TASK DESCRIPTION: All that is needed is the line containing "- 1 x 4 Panasonic" and the lines after it to the end of the material, written out exactly, pictures left aside.

DATA PROVIDED:
____
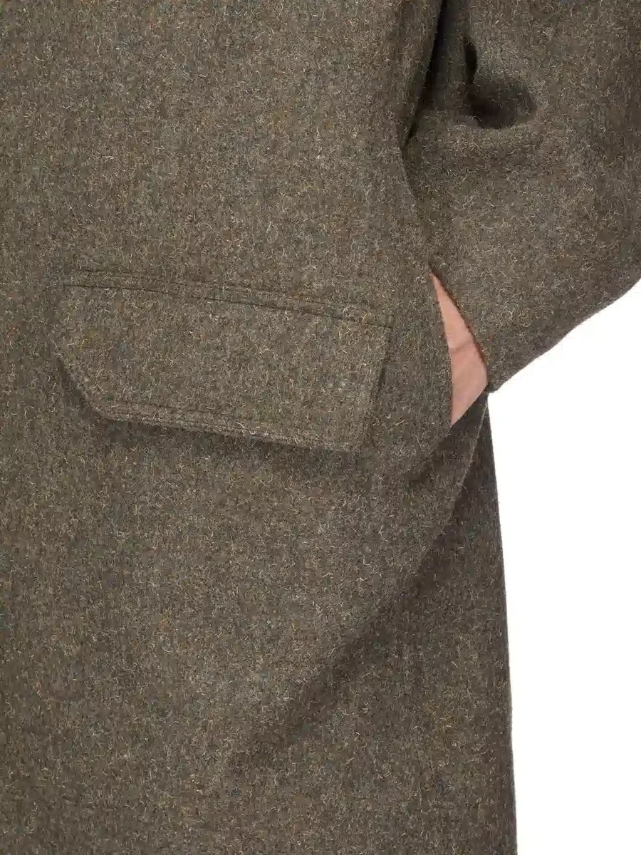 THIS JUMBO MAC IS BELOW KNEE LENGTH WITH LONG SLEEVES AND AN AMPLE FIT. IT HAS A CLASSIC COLLAR AND A CONCEALED CENTRE ZIPPER OPENING, AND TWO LOWER FLAP POCKETS ON FRONT. IT HAS A CENTRE BACK VENT AND IS FULLY LINED WITH TWO INTERNAL ZIPPERED POCKETS.
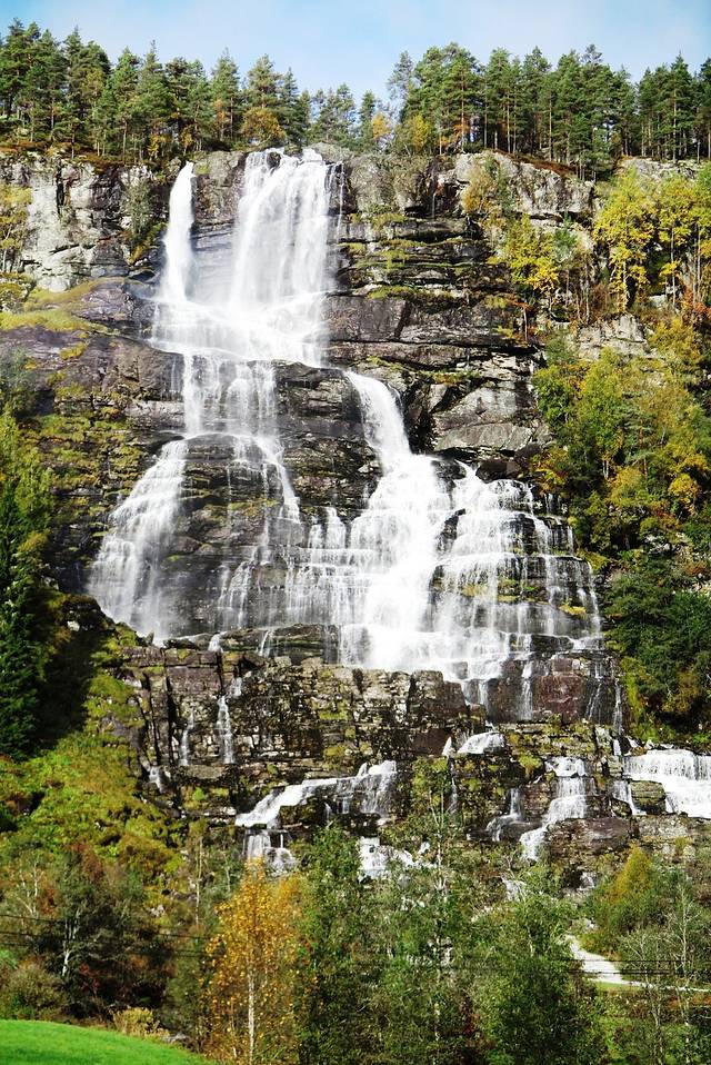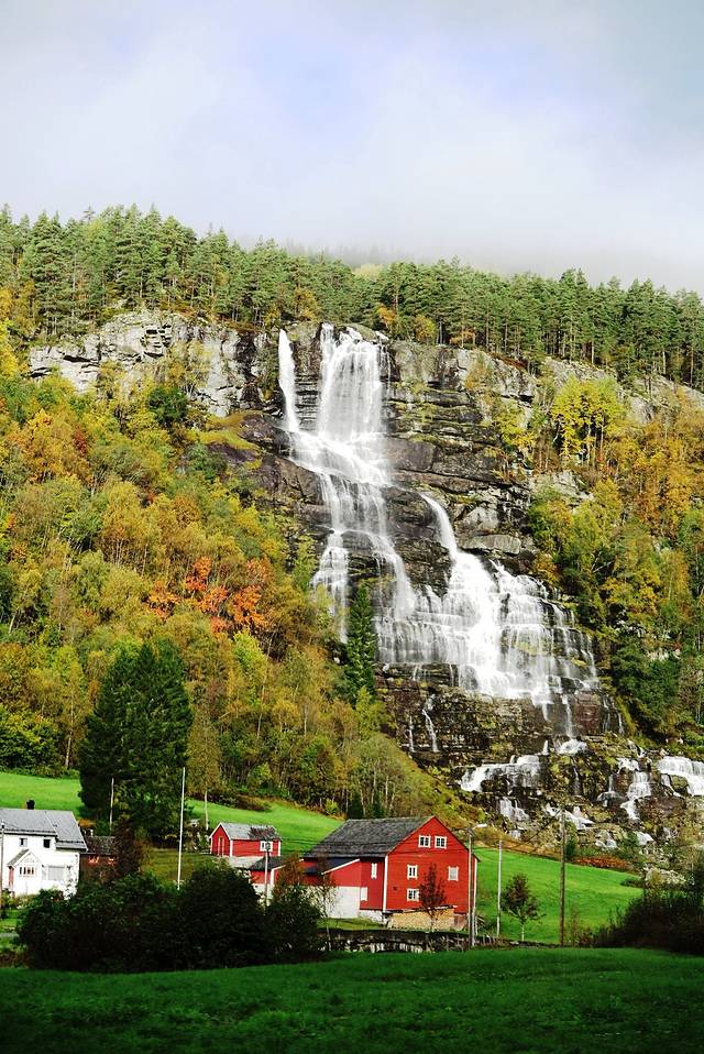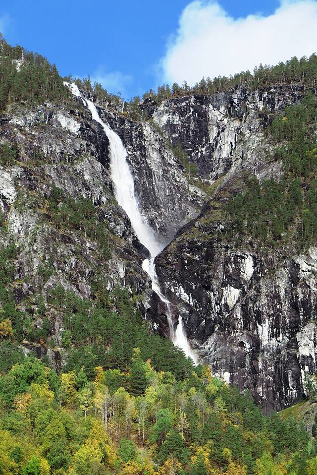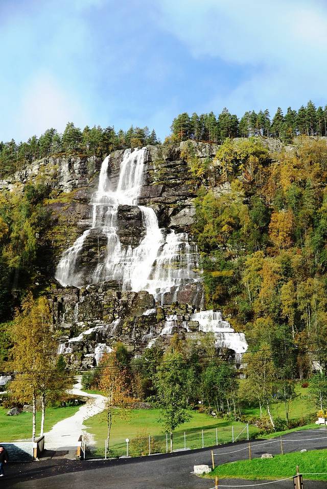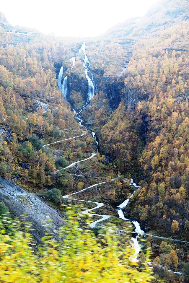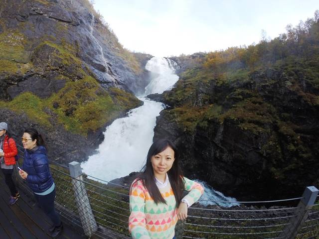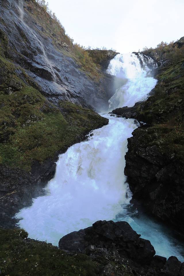 Kjosfossen瀑布是弗洛姆铁路线上一处著名景点,落差94米,火车会在瀑布前的平台上停留几分钟,方便游客拍照
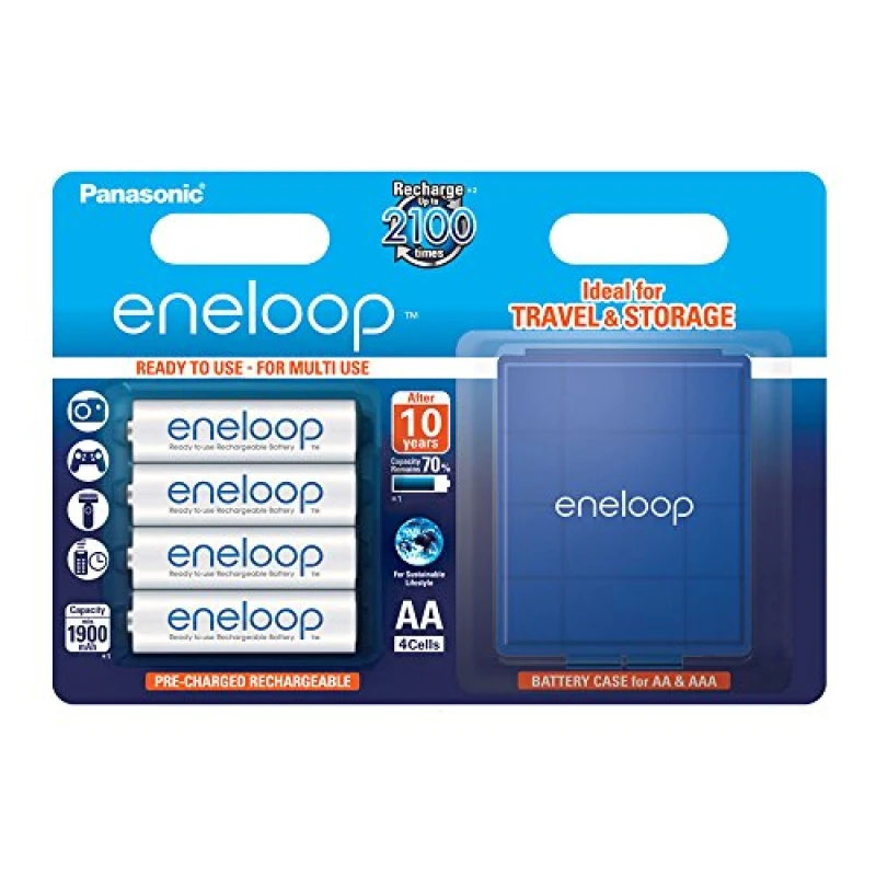- 1 x 4 Panasonic eneloop AA Mignon (1900 mAh + battery case
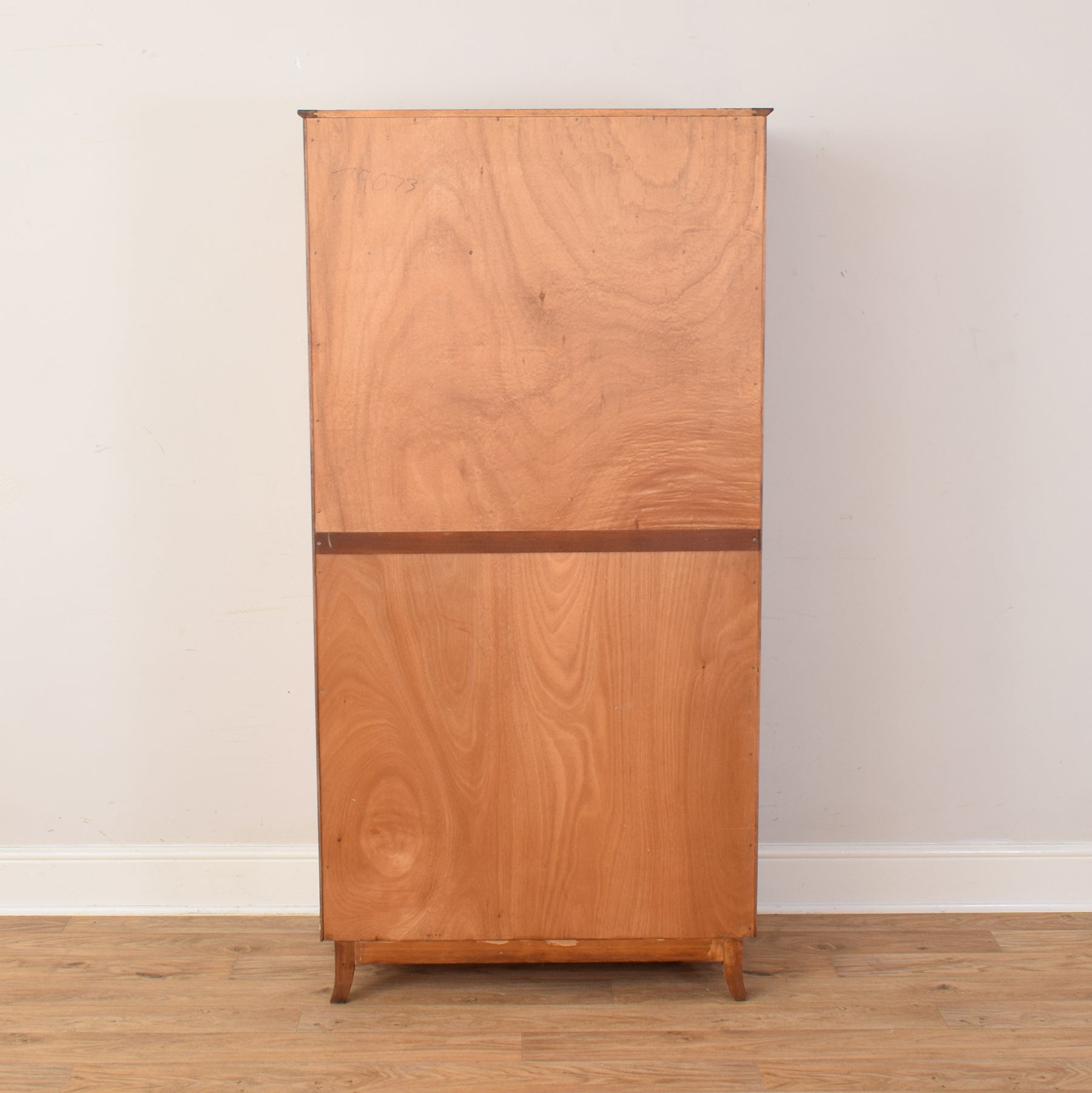 The previous darker stain has been carefully stripped, and several coats of hard-wearing matte lacquer have been applied, bringing out the beautiful warmth and grain of the teak veneer while ensuring a durable, long-lasting finish. This item is made using a teak veneer with a plywood rear panel. There is achip in the top trim at the rear, this is visible in the accompanying photographs.
____
TASK RESULT:
- 1 x 4 Panasonic eneloop AA Mignon (1900 mAh + battery case
 The previous darker stain has been carefully stripped, and several coats of hard-wearing matte lacquer have been applied, bringing out the beautiful warmth and grain of the teak veneer while ensuring a durable, long-lasting finish. This item is made using a teak veneer with a plywood rear panel. There is achip in the top trim at the rear, this is visible in the accompanying photographs.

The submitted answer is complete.